For Cu prepared in example 1_0.92Sn_0.08The metal catalyst material was subjected to a stability test. As can be seen from FIG. 10, in the stability test for 12 hours, at 1.2A cm^-2Under the current density of (2), the voltage change on the voltage-time curve is not obvious, which shows that the material stability is good.

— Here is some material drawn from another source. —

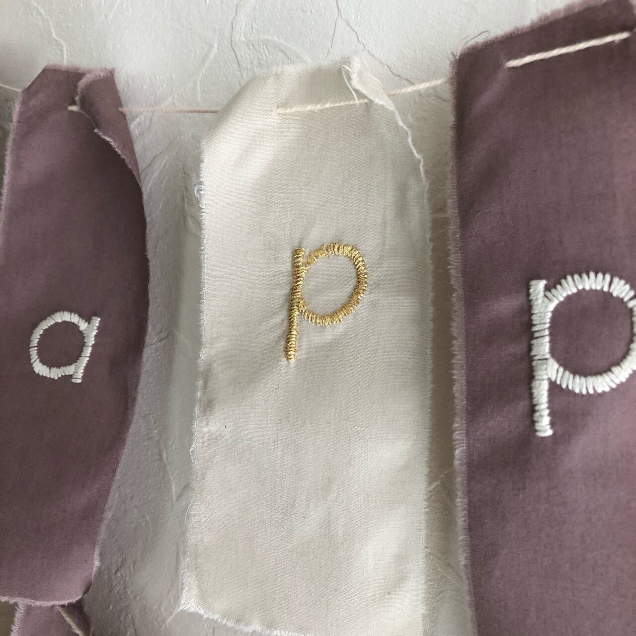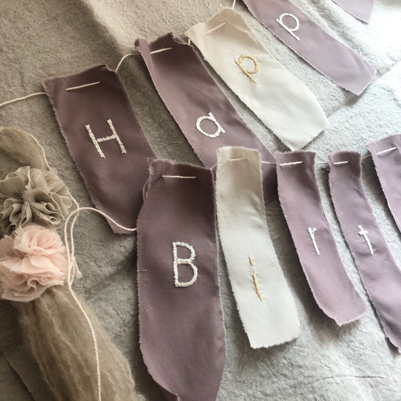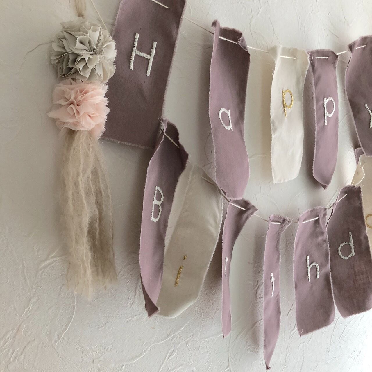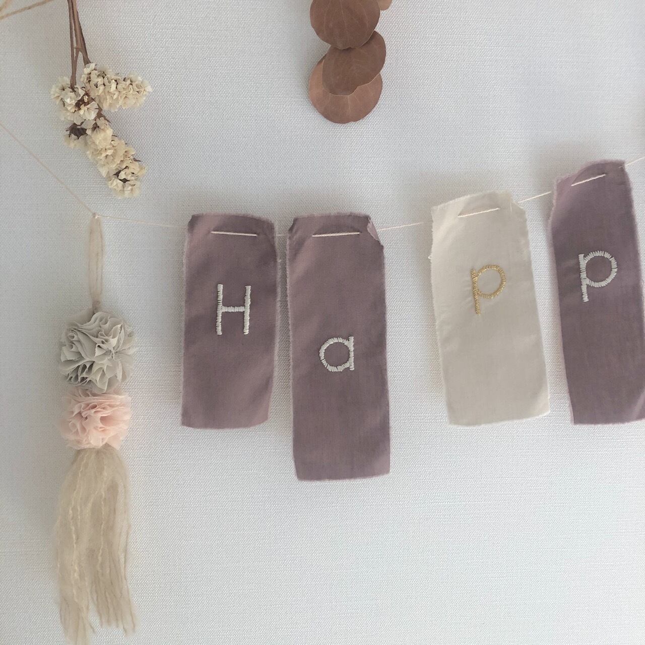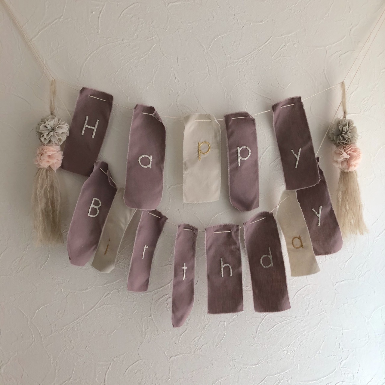 四方切りっ放しのデザインでナチュラルな雰囲気の「Happy Birthday」ガーランドです。

While there have been shown and described the fundamental principles and essential features of the invention and advantages thereof, it will be apparent to those skilled in the art that the invention is not limited to the details of the foregoing exemplary embodiments, but is capable of other specific forms without departing from the spirit or essential characteristics thereof; the present embodiments are therefore to be considered in all respects as illustrative and not restrictive, the scope of the invention being indicated by the appended claims rather than by the foregoing description, and all changes which come within the meaning and range of equivalency of the claims are therefore intended to be embraced therein, and any reference signs in the claims are not intended to be construed as limiting the claim concerned.

Although embodiments of the present invention have been shown and described, it will be appreciated by those skilled in the art that changes, modifications, substitutions and alterations can be made in these embodiments without departing from the principles and spirit of the invention, the scope of which is defined in the appended claims and their equivalents.